__Task requirements__
Copy every record word for word. The images stay behind.

Dataset items
╭──
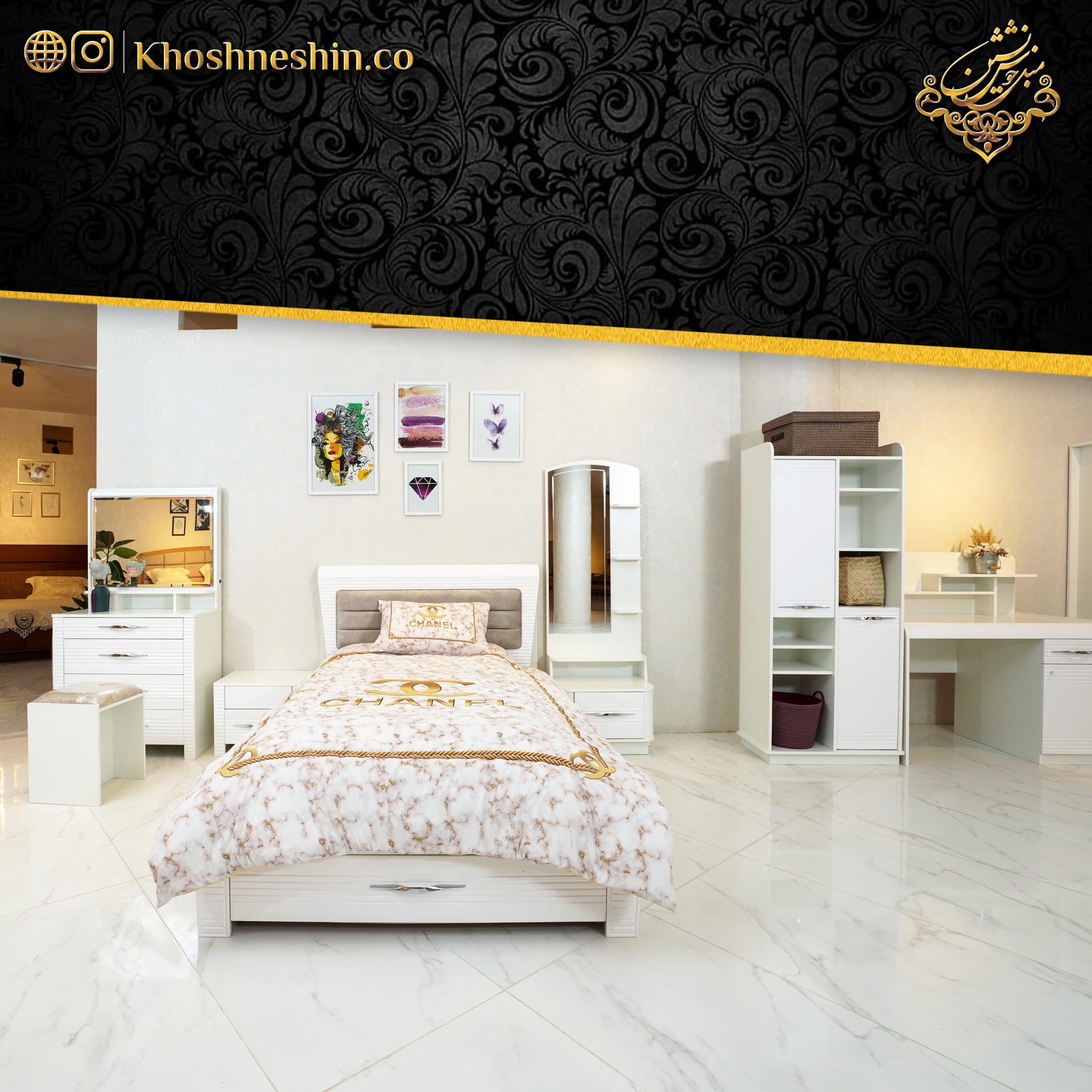 – استفاده از خطوط سی ان سی شده و دستگیرههای به رنگ استیل، به سرویس خواب نوجوان مدل رامسس، شمایل یک سرویس خواب مدرن را بخشیده است. نکته جالب دیگر در مورد این سرویس خواب، پاتختی منحصر به فرد آن است. با توجه به تعبیه آینه، این پاتختی علاوه بر کاربرد معمول پاتختیها، قابل استفاده به عنوان میز و آینه آرایش نیز میباشد. طبقه هایی نیز برای قرار دادن وسایل دکوری در قسمت کنار آینه در نظر گرفته شده است. در قسمت زیر تخت خواب نیز یک کشو در قسمت پهلو و یک کشو در قسمت پایین تخت تعبیه شده که فضای بسیار مناسبی را برای نظم دادن به لباسها و وسایل اتاق خواب مهیا میکند.
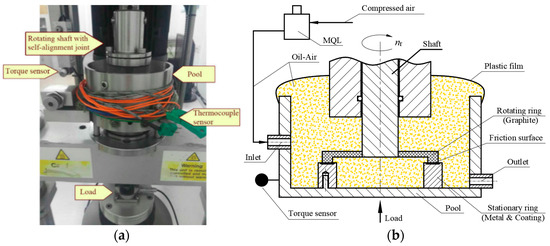 In this study, a Plint Tribology (TE-92, Phoenix Tribology Ltd., Berkshire, UK) was used to study the tribological properties of the G-LMBPHS frictional pair. The torque, COF, and temperature of the stationary ring were monitored during the test. The test device is shown in Figure 2a,b. One ring rotated with the shaft, while the other remained fixed at the bottom of the oil pool with a temperature sensor located near its friction surface. The friction surface was dry and free of lubricant before the test. The oil–air environment was constructed by an MQL system (KS-2106, KINS CO., Ltd., Shanghai, China). The oil used in the MQL system was Shell 555 turbine engine lubricant with a kinematic viscosity of 29.0 mm2/s at 37.8 °C. To avoid contamination of the environment by oil droplets, the oil pool outlet was connected to a filter, and a plastic film was wrapped between the top of the oil pool and the housing to seal the oil–air. During the test, the oil–air circulation is maintained and the percentage of lubricant in the oil–air is 4% (mass ratio).
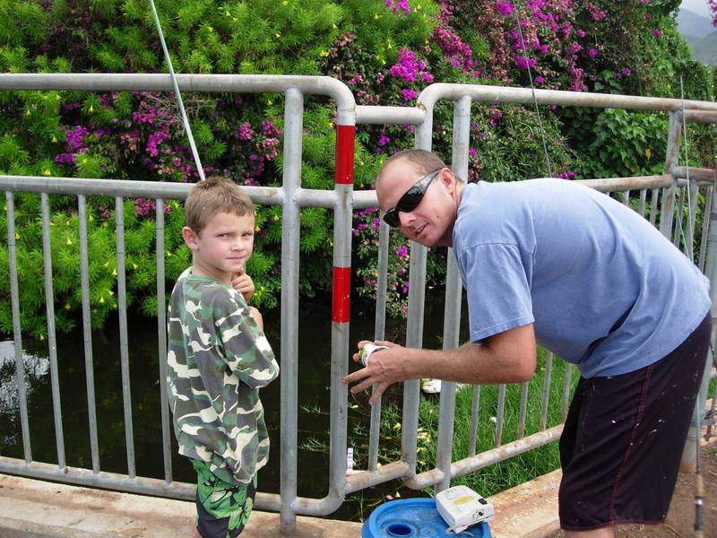 uggh!!!!!! finally home. what a trip. i got only one day on the water. it was at lake wilson for my first day of fresh water fishing in years. we started at a local canal just off waialua beach road, outside of haleiwa, to pick up live bait. our catch here was 30 little tilapia.
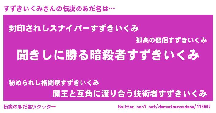肩書あだ名 | 『すずきいくみ校長』『すずきいくみ中佐』 |
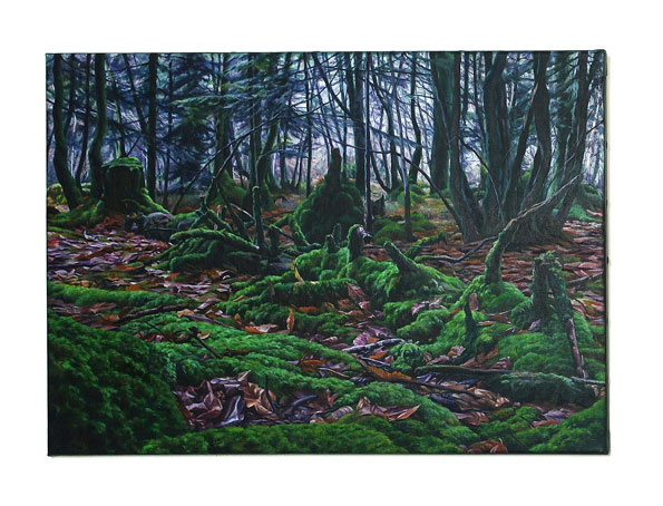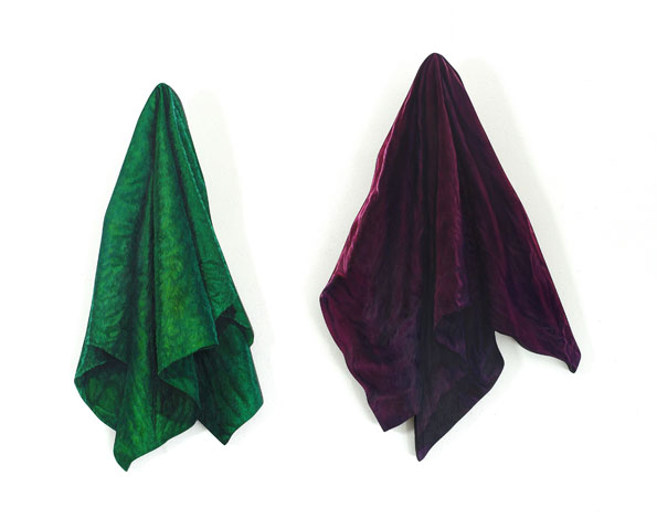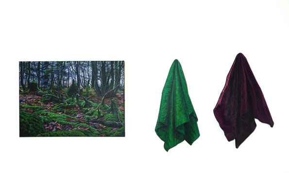 Support et techniques utilisés: paysage: huile sur toile, tissu vert: huile sur bois, tissu violet: huile sur bois
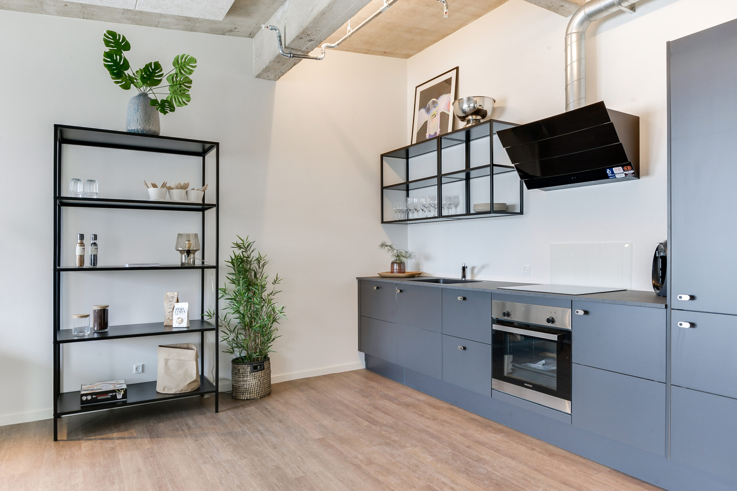 I lejligheden er der et minimalisk køkken der også er udført i et industrielt look med indbyggede hvidevarer i form af opvaskemaskine og køle/frys. Ydermere er der indbygningsovn, kogeplade samt emhætte. Der er i lejligheden også vaskemaskine og tørretumbler.
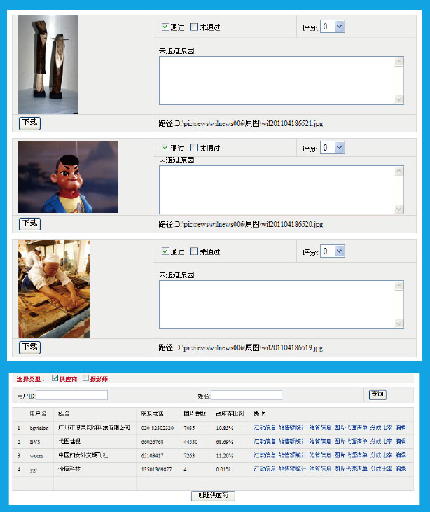 根據(jù)訂購日期和圖片名稱可進行查詢,顯示用戶訂購的RM圖片具體信息,可查看訂購會員的具體資 料,無論是否具有該尺寸的圖片,支持郵件信息反饋賣家身份審核:根據(jù)用戶名,姓名,審核狀態(tài)來查詢相應(yīng)用戶,可查看賣家提交的詳細信息來審核用戶是否具有賣家的資格。
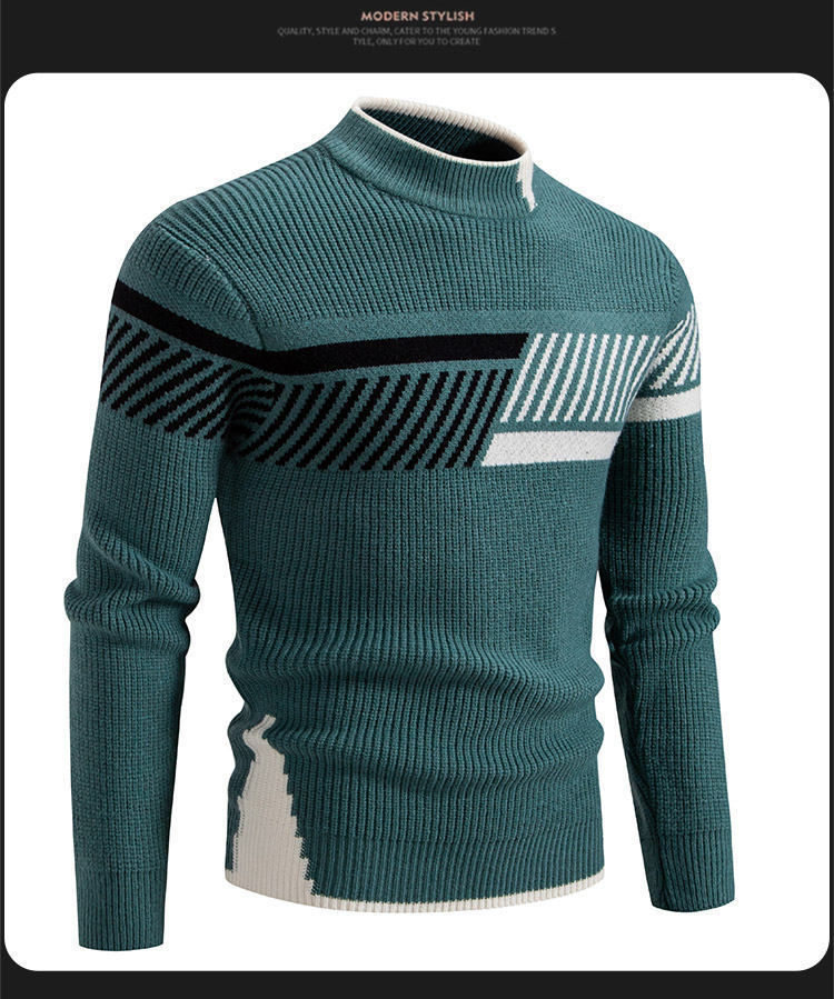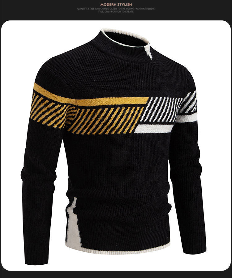 국경 간 대외 무역 새로운 남성 스웨터 한국 스타일 청소년 패션 캐주얼 단순 줄무늬 컬러 블록 스웨터
╰──
__Answer section__
 – استفاده از خطوط سی ان سی شده و دستگیرههای به رنگ استیل، به سرویس خواب نوجوان مدل رامسس، شمایل یک سرویس خواب مدرن را بخشیده است. نکته جالب دیگر در مورد این سرویس خواب، پاتختی منحصر به فرد آن است. با توجه به تعبیه آینه، این پاتختی علاوه بر کاربرد معمول پاتختیها، قابل استفاده به عنوان میز و آینه آرایش نیز میباشد. طبقه هایی نیز برای قرار دادن وسایل دکوری در قسمت کنار آینه در نظر گرفته شده است. در قسمت زیر تخت خواب نیز یک کشو در قسمت پهلو و یک کشو در قسمت پایین تخت تعبیه شده که فضای بسیار مناسبی را برای نظم دادن به لباسها و وسایل اتاق خواب مهیا میکند.
 In this study, a Plint Tribology (TE-92, Phoenix Tribology Ltd., Berkshire, UK) was used to study the tribological properties of the G-LMBPHS frictional pair. The torque, COF, and temperature of the stationary ring were monitored during the test. The test device is shown in Figure 2a,b. One ring rotated with the shaft, while the other remained fixed at the bottom of the oil pool with a temperature sensor located near its friction surface. The friction surface was dry and free of lubricant before the test. The oil–air environment was constructed by an MQL system (KS-2106, KINS CO., Ltd., Shanghai, China). The oil used in the MQL system was Shell 555 turbine engine lubricant with a kinematic viscosity of 29.0 mm2/s at 37.8 °C. To avoid contamination of the environment by oil droplets, the oil pool outlet was connected to a filter, and a plastic film was wrapped between the top of the oil pool and the housing to seal the oil–air. During the test, the oil–air circulation is maintained and the percentage of lubricant in the oil–air is 4% (mass ratio).
 uggh!!!!!! finally home. what a trip. i got only one day on the water. it was at lake wilson for my first day of fresh water fishing in years. we started at a local canal just off waialua beach road, outside of haleiwa, to pick up live bait. our catch here was 30 little tilapia.
肩書あだ名 | 『すずきいくみ校長』『すずきいくみ中佐』 |
 Support et techniques utilisés: paysage: huile sur toile, tissu vert: huile sur bois, tissu violet: huile sur bois
 I lejligheden er der et minimalisk køkken der også er udført i et industrielt look med indbyggede hvidevarer i form af opvaskemaskine og køle/frys. Ydermere er der indbygningsovn, kogeplade samt emhætte. Der er i lejligheden også vaskemaskine og tørretumbler.
 根據(jù)訂購日期和圖片名稱可進行查詢,顯示用戶訂購的RM圖片具體信息,可查看訂購會員的具體資 料,無論是否具有該尺寸的圖片,支持郵件信息反饋賣家身份審核:根據(jù)用戶名,姓名,審核狀態(tài)來查詢相應(yīng)用戶,可查看賣家提交的詳細信息來審核用戶是否具有賣家的資格。
 국경 간 대외 무역 새로운 남성 스웨터 한국 스타일 청소년 패션 캐주얼 단순 줄무늬 컬러 블록 스웨터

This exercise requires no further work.